* **Prompt**:
Your answer is to be the exact text of the lines from the one containing "お寿司はこんな感じでタッチパネルで注文するよ👆" through the final line of the entries, restated in full, with pictures omitted.
========================================================================
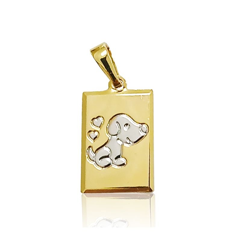 Pingente placa folheado a ouro 18k com detalhe em alto-relevo de um adorável cachorrinho e coraçõezinhos, em acabamento bicolor. Uma peça charmosa e divertida, ideal para os amantes de pets que desejam carregar consigo uma lembrança cheia de afeto. Perfeito para compor looks descontraídos com um toque de ternura e personalidade.
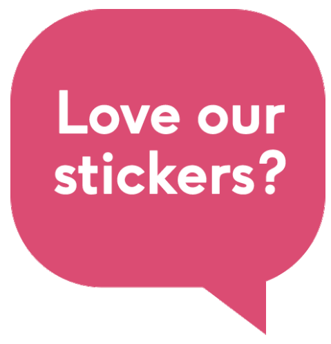 Animated speech bubbles from Moonpig asking users about their satisfaction with stickers, photo uploads, cards, and features.
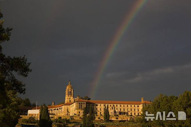 [프리토리아(남아공)=AP/뉴시스]2013년 12월12일 남아공 수도 프리토리아의 유니언 빌딩 위로 무지개가 떠 있다. 대만은 22일 남아공 주재 대표부를 수도 프리토리아에서 상업중심지 요하네스버그로 옮기라는 남아공의 요구를 거부했다. 이는 대만을 외교적으로 고립시키려는 최근 중국의 움직임에 맞서기 위한 것이다. 2024,10.22.
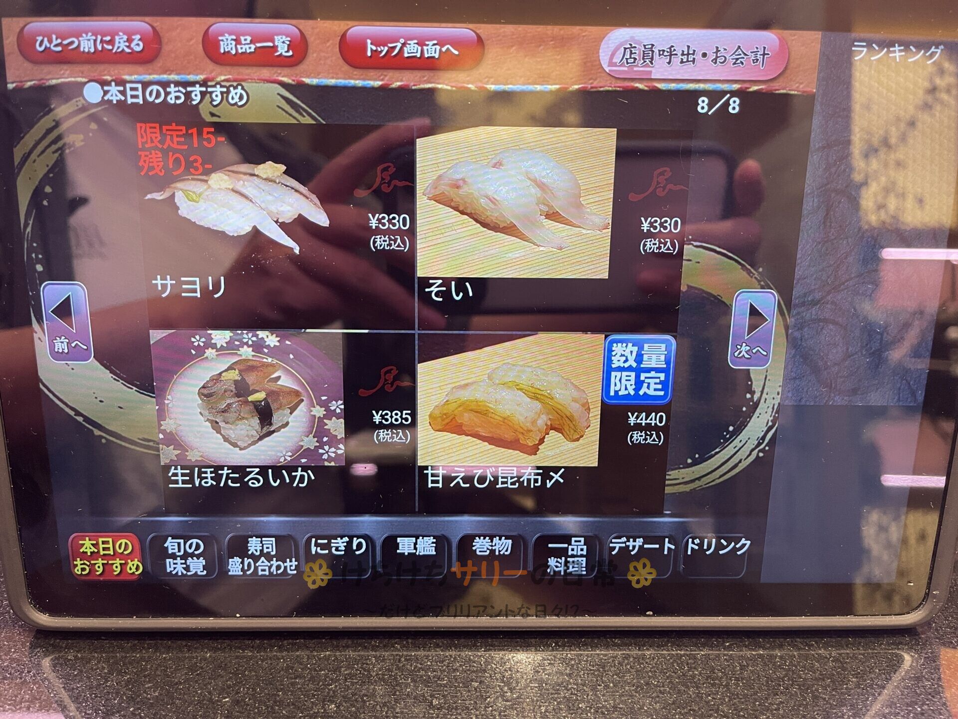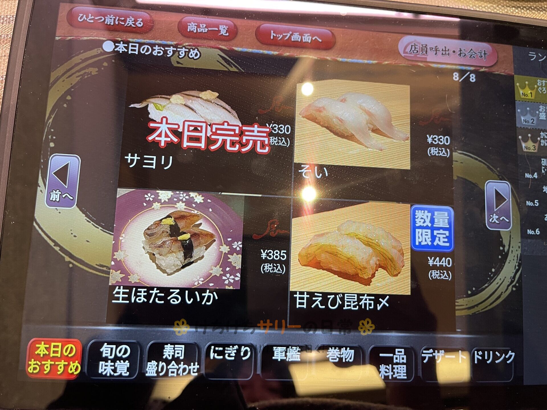 お寿司はこんな感じでタッチパネルで注文するよ👆
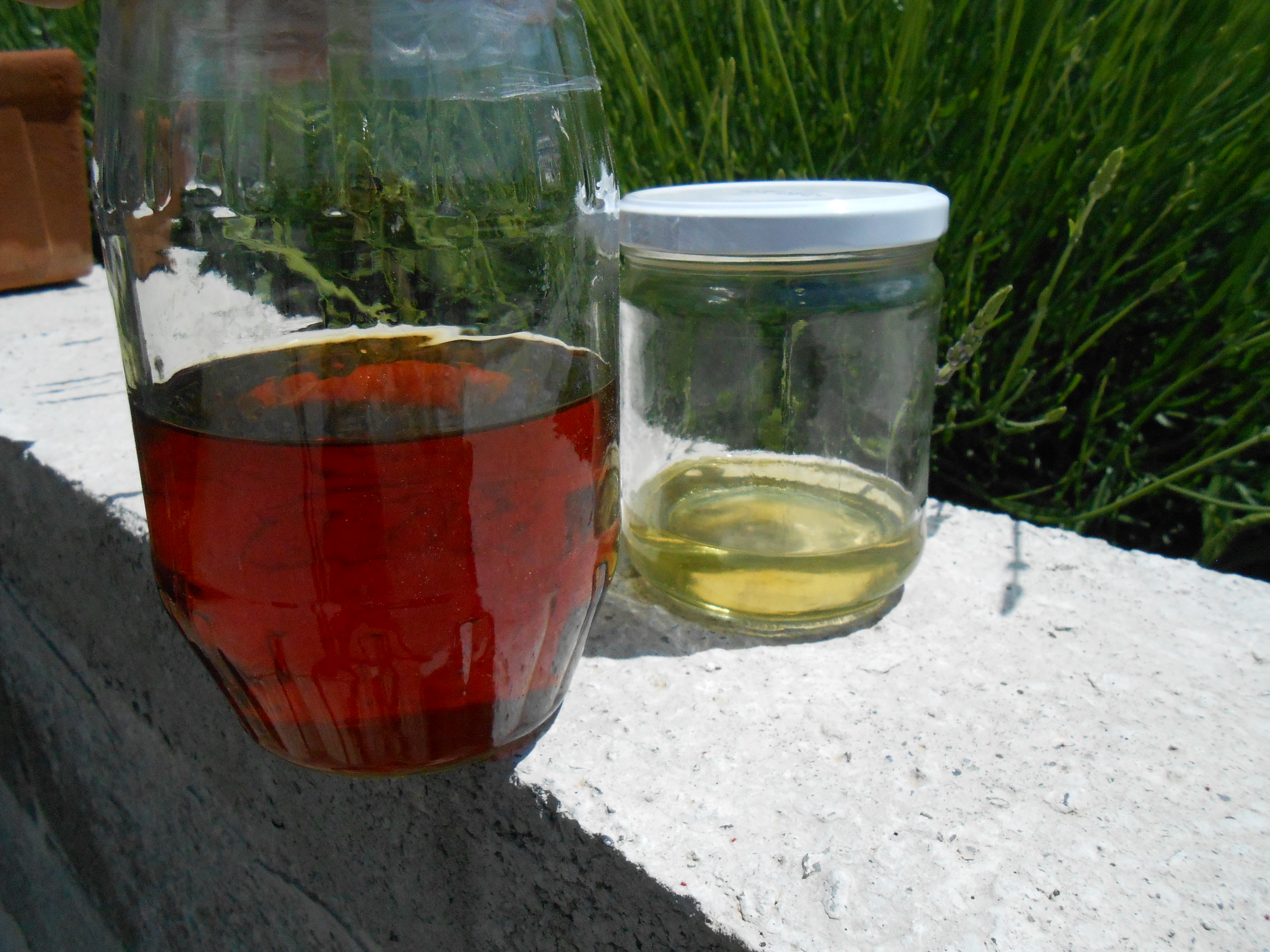 Voici à droite du nitro sortit du bocal, tout neuf , et à gauche du nitro après de long mois au soleil :
========================================================================
* **Response area**:
 お寿司はこんな感じでタッチパネルで注文するよ👆
 Voici à droite du nitro sortit du bocal, tout neuf , et à gauche du nitro après de long mois au soleil :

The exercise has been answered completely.